_Problem details_
Taking the listing below, restate word for word each line from the line with "具体从区域上看,西北地区国内" to the line with "गौरतलब है कि", ends included, and stop there.

_Data shown_
++++++++++
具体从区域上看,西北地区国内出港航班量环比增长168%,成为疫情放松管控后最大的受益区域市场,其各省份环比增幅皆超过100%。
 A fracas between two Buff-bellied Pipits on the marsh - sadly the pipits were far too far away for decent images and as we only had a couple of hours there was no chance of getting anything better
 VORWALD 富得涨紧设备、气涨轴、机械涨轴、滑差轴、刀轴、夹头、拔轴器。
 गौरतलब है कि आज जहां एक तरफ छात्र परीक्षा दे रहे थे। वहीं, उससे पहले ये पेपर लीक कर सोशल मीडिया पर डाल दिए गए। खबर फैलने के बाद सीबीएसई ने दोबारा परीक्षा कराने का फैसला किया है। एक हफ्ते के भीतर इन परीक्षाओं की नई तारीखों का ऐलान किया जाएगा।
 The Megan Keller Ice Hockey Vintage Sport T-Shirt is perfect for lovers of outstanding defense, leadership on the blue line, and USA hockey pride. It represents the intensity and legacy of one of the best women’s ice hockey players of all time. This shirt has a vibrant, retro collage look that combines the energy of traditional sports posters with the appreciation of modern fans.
++++++++++
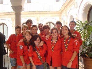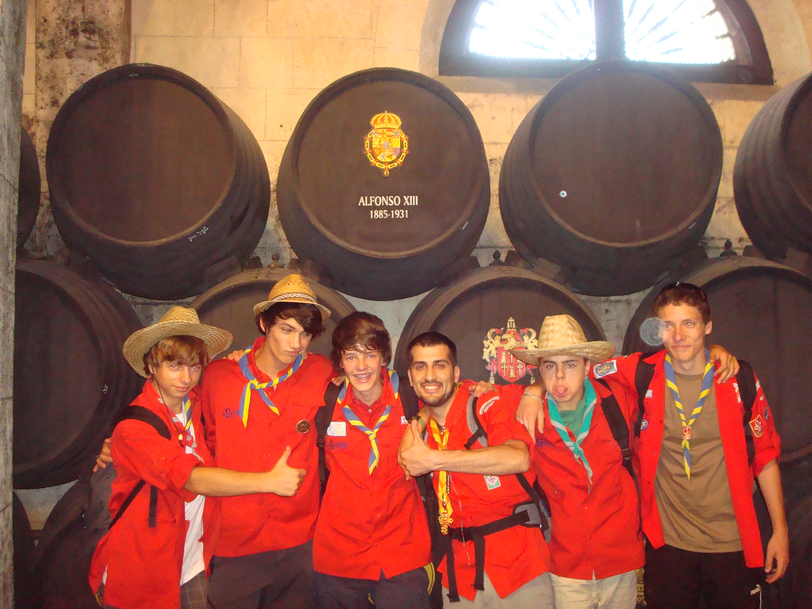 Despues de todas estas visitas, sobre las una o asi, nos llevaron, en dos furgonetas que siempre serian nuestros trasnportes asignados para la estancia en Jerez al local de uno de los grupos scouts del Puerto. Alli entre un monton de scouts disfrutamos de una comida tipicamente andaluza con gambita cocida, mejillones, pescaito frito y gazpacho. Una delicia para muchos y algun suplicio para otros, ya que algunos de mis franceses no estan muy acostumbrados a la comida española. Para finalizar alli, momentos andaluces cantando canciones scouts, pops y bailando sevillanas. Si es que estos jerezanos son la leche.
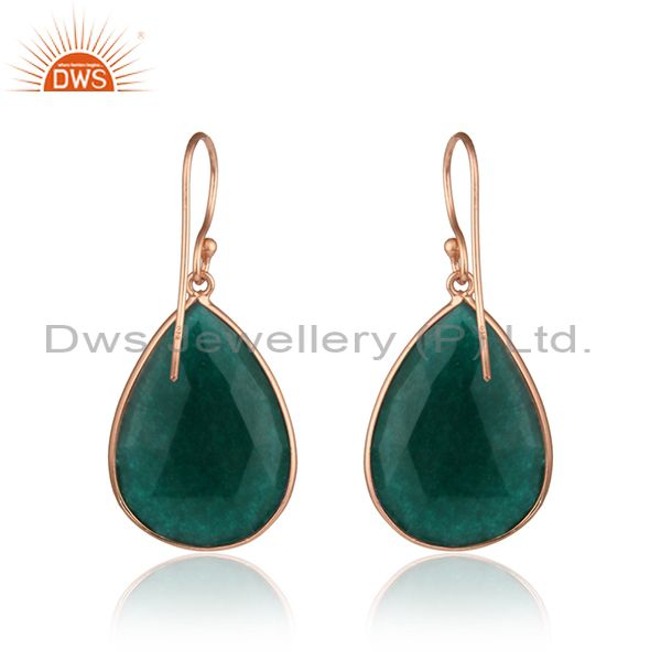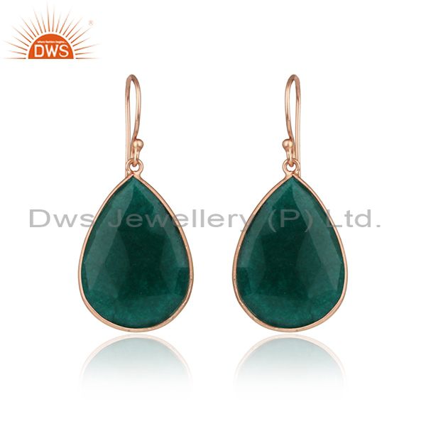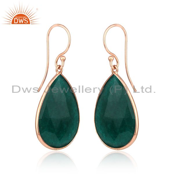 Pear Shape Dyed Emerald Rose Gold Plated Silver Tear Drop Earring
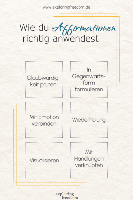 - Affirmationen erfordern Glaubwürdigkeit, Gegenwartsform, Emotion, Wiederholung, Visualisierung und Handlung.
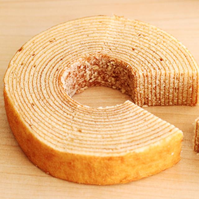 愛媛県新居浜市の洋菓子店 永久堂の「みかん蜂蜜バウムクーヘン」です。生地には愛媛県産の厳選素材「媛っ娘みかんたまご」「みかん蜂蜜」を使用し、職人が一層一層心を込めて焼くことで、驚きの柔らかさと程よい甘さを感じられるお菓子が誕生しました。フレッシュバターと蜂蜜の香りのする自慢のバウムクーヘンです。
++++++++++
_Result for this exercise_
具体从区域上看,西北地区国内出港航班量环比增长168%,成为疫情放松管控后最大的受益区域市场,其各省份环比增幅皆超过100%。
 A fracas between two Buff-bellied Pipits on the marsh - sadly the pipits were far too far away for decent images and as we only had a couple of hours there was no chance of getting anything better
 VORWALD 富得涨紧设备、气涨轴、机械涨轴、滑差轴、刀轴、夹头、拔轴器。
 गौरतलब है कि आज जहां एक तरफ छात्र परीक्षा दे रहे थे। वहीं, उससे पहले ये पेपर लीक कर सोशल मीडिया पर डाल दिए गए। खबर फैलने के बाद सीबीएसई ने दोबारा परीक्षा कराने का फैसला किया है। एक हफ्ते के भीतर इन परीक्षाओं की नई तारीखों का ऐलान किया जाएगा।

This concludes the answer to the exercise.